======== Data for the task ========

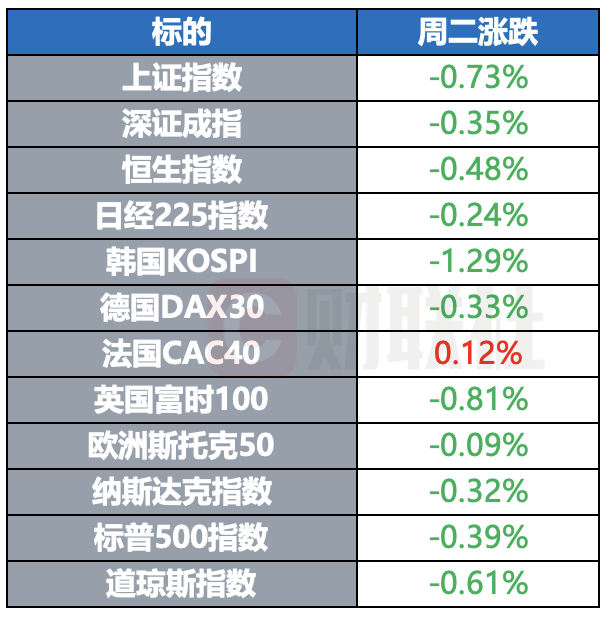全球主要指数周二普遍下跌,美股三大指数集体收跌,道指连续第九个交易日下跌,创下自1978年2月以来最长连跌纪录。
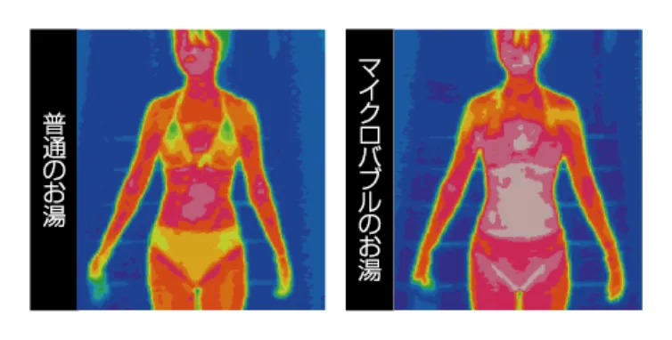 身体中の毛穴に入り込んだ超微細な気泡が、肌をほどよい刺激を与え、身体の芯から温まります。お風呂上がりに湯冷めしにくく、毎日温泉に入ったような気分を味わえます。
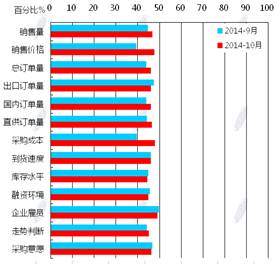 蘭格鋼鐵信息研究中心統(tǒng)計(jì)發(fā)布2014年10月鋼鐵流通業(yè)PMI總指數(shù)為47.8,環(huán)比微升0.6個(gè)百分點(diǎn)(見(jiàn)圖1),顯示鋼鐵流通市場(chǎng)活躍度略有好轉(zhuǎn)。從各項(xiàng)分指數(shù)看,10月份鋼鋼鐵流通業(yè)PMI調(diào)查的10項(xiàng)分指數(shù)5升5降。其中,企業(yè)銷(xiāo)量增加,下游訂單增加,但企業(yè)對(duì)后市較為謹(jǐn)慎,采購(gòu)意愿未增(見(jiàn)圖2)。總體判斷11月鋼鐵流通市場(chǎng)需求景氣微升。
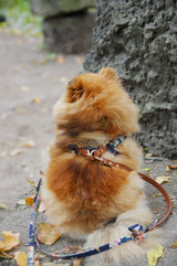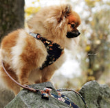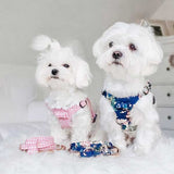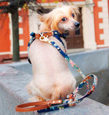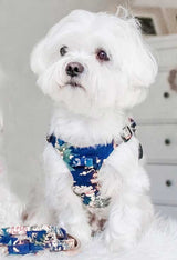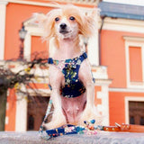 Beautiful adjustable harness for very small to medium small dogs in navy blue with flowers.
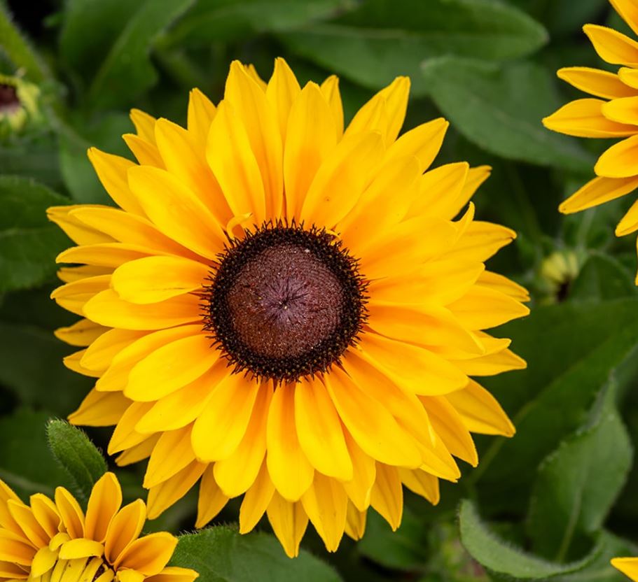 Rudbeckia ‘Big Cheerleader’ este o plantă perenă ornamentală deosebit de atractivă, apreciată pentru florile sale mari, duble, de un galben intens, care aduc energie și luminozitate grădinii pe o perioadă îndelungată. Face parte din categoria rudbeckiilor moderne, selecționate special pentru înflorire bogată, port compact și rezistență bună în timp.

========

■ Task details
Output the listing word for word. Drop the pictures.

■ Reply
全球主要指数周二普遍下跌,美股三大指数集体收跌,道指连续第九个交易日下跌,创下自1978年2月以来最长连跌纪录。
 身体中の毛穴に入り込んだ超微細な気泡が、肌をほどよい刺激を与え、身体の芯から温まります。お風呂上がりに湯冷めしにくく、毎日温泉に入ったような気分を味わえます。
 蘭格鋼鐵信息研究中心統(tǒng)計(jì)發(fā)布2014年10月鋼鐵流通業(yè)PMI總指數(shù)為47.8,環(huán)比微升0.6個(gè)百分點(diǎn)(見(jiàn)圖1),顯示鋼鐵流通市場(chǎng)活躍度略有好轉(zhuǎn)。從各項(xiàng)分指數(shù)看,10月份鋼鋼鐵流通業(yè)PMI調(diào)查的10項(xiàng)分指數(shù)5升5降。其中,企業(yè)銷(xiāo)量增加,下游訂單增加,但企業(yè)對(duì)后市較為謹(jǐn)慎,采購(gòu)意愿未增(見(jiàn)圖2)。總體判斷11月鋼鐵流通市場(chǎng)需求景氣微升。
 Beautiful adjustable harness for very small to medium small dogs in navy blue with flowers.
 Rudbeckia ‘Big Cheerleader’ este o plantă perenă ornamentală deosebit de atractivă, apreciată pentru florile sale mari, duble, de un galben intens, care aduc energie și luminozitate grădinii pe o perioadă îndelungată. Face parte din categoria rudbeckiilor moderne, selecționate special pentru înflorire bogată, port compact și rezistență bună în timp.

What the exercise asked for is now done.